§ **TASK STATEMENT**
Would you return exactly the lines below from the line with "Il cambio euro-dollaro" through the line with "私は南太平洋が大好きなので日", both included, and nothing else, leaving out the pictures?

====== DATA FOR THE TASK ======

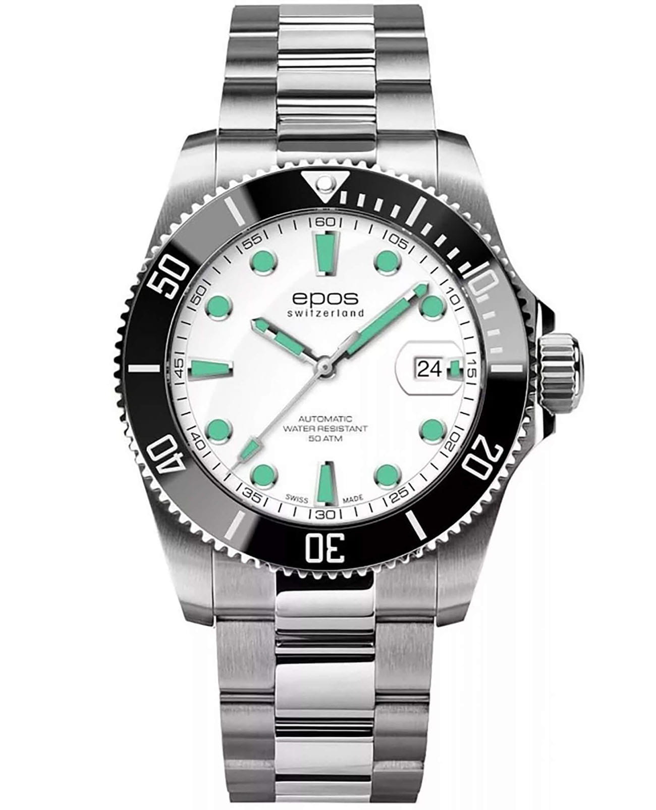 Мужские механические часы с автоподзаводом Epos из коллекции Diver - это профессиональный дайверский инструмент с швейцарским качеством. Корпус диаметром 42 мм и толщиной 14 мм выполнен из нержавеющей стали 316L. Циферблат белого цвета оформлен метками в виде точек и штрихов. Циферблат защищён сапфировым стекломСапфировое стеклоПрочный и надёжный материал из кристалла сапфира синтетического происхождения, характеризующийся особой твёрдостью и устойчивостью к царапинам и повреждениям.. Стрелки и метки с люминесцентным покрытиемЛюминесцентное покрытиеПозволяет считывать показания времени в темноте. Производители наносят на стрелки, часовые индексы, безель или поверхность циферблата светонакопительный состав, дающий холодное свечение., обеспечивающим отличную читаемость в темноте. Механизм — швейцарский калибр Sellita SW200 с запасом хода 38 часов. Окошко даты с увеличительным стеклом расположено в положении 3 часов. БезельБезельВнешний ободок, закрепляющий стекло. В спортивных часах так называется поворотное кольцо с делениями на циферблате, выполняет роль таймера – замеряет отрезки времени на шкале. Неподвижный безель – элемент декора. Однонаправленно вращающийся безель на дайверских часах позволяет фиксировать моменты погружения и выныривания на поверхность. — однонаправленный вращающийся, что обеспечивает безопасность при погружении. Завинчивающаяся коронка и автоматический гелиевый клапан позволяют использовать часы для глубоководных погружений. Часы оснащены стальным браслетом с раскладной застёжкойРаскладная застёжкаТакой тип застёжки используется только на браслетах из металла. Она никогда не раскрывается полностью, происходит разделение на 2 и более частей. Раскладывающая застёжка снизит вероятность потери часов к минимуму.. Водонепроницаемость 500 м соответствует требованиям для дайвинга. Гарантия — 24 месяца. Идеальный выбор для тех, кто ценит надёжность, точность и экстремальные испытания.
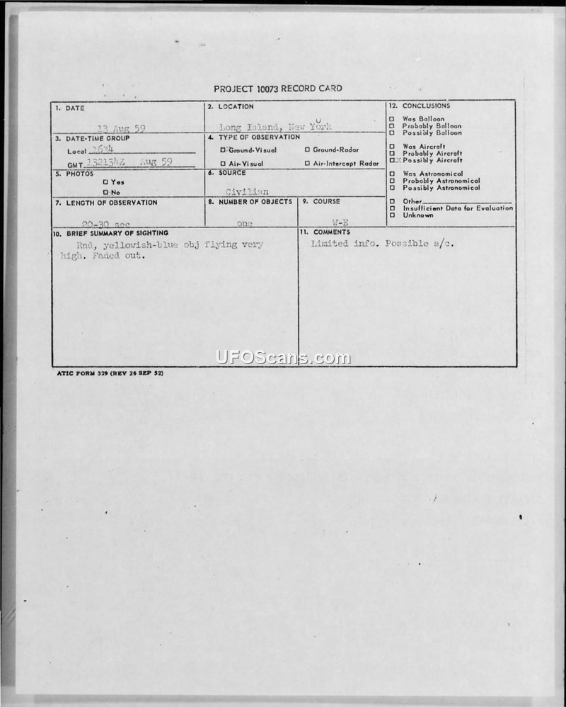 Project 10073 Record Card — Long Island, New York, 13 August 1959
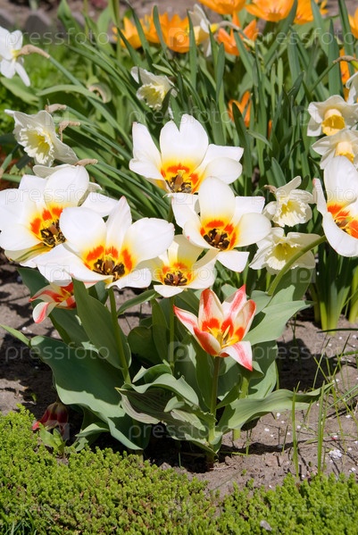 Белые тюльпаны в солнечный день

======
====== DATA FOR THE TASK ======

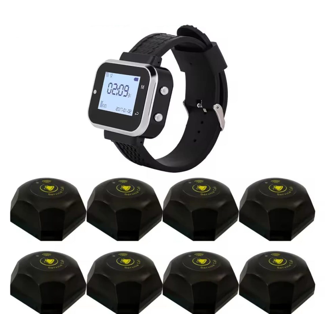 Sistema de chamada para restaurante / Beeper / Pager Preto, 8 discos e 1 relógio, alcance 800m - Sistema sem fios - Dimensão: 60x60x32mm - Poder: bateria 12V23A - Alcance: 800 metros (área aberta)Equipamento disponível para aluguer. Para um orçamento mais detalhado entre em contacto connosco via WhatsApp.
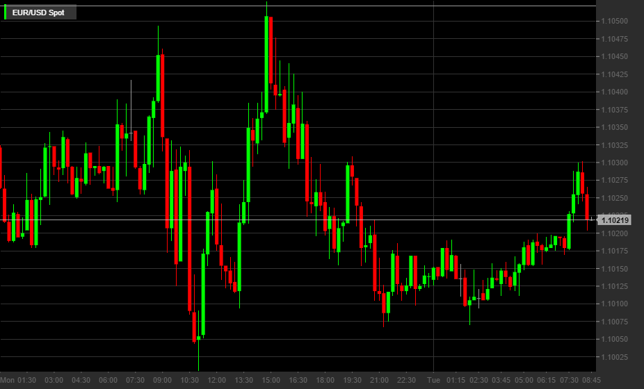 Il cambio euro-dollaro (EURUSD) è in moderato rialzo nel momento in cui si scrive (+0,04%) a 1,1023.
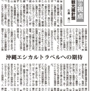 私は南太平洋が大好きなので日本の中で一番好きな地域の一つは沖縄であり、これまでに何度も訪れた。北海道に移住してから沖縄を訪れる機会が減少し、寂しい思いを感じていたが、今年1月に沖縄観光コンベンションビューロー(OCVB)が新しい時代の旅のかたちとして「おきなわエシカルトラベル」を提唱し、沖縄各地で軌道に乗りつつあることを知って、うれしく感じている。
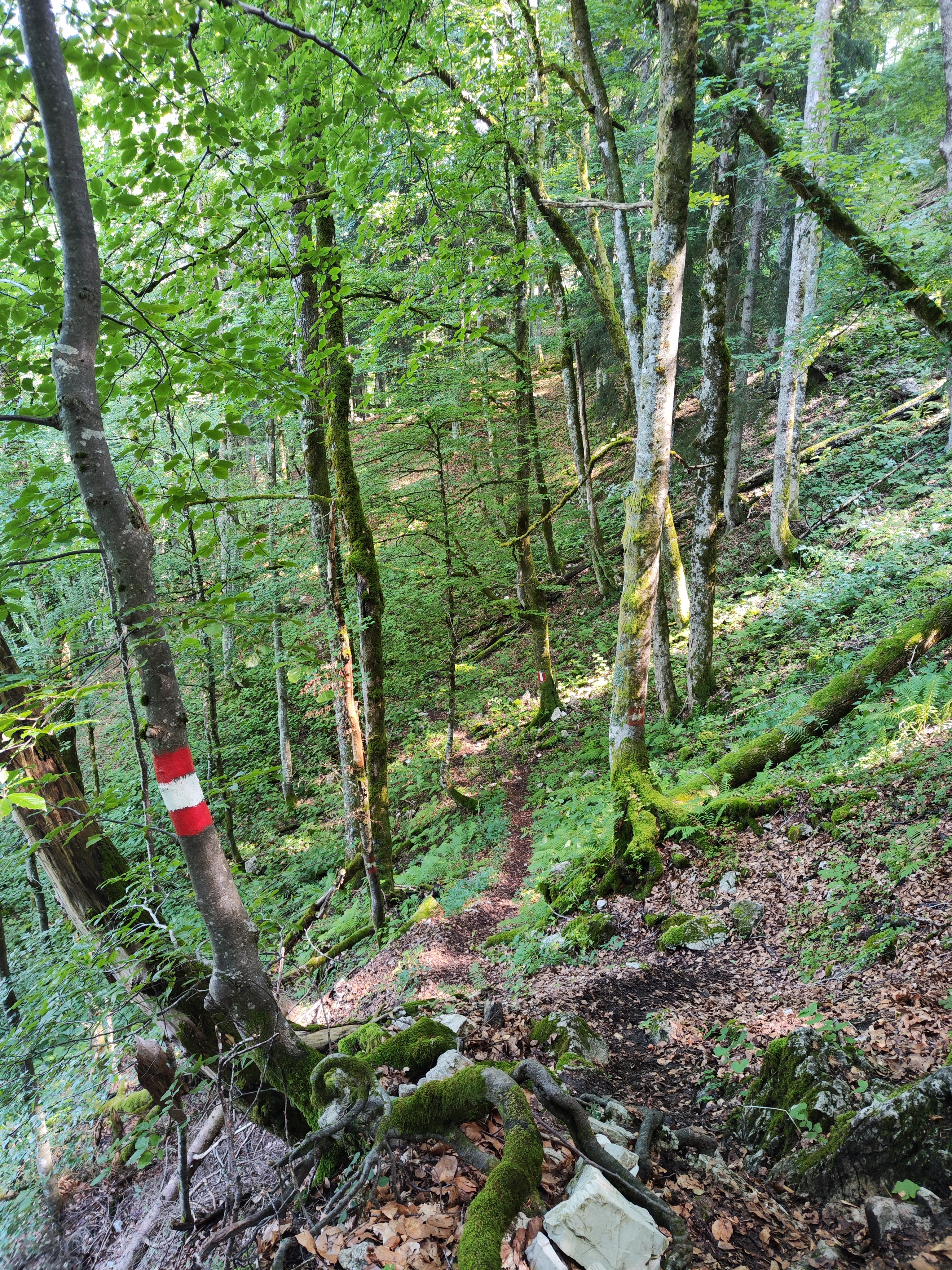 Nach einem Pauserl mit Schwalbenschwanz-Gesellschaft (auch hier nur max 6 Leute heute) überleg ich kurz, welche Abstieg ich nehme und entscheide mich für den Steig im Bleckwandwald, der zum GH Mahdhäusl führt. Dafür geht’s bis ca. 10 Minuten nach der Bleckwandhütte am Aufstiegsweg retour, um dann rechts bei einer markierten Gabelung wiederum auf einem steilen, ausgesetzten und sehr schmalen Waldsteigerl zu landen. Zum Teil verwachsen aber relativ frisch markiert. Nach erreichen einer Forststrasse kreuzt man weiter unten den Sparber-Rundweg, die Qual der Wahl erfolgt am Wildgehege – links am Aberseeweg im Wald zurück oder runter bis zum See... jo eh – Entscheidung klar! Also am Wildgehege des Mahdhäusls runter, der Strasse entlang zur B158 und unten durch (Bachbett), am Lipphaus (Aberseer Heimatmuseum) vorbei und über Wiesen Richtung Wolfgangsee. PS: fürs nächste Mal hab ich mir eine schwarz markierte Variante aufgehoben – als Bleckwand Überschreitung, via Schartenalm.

======

§ **EXERCISE SOLUTION**
 Il cambio euro-dollaro (EURUSD) è in moderato rialzo nel momento in cui si scrive (+0,04%) a 1,1023.
 私は南太平洋が大好きなので日本の中で一番好きな地域の一つは沖縄であり、これまでに何度も訪れた。北海道に移住してから沖縄を訪れる機会が減少し、寂しい思いを感じていたが、今年1月に沖縄観光コンベンションビューロー(OCVB)が新しい時代の旅のかたちとして「おきなわエシカルトラベル」を提唱し、沖縄各地で軌道に乗りつつあることを知って、うれしく感じている。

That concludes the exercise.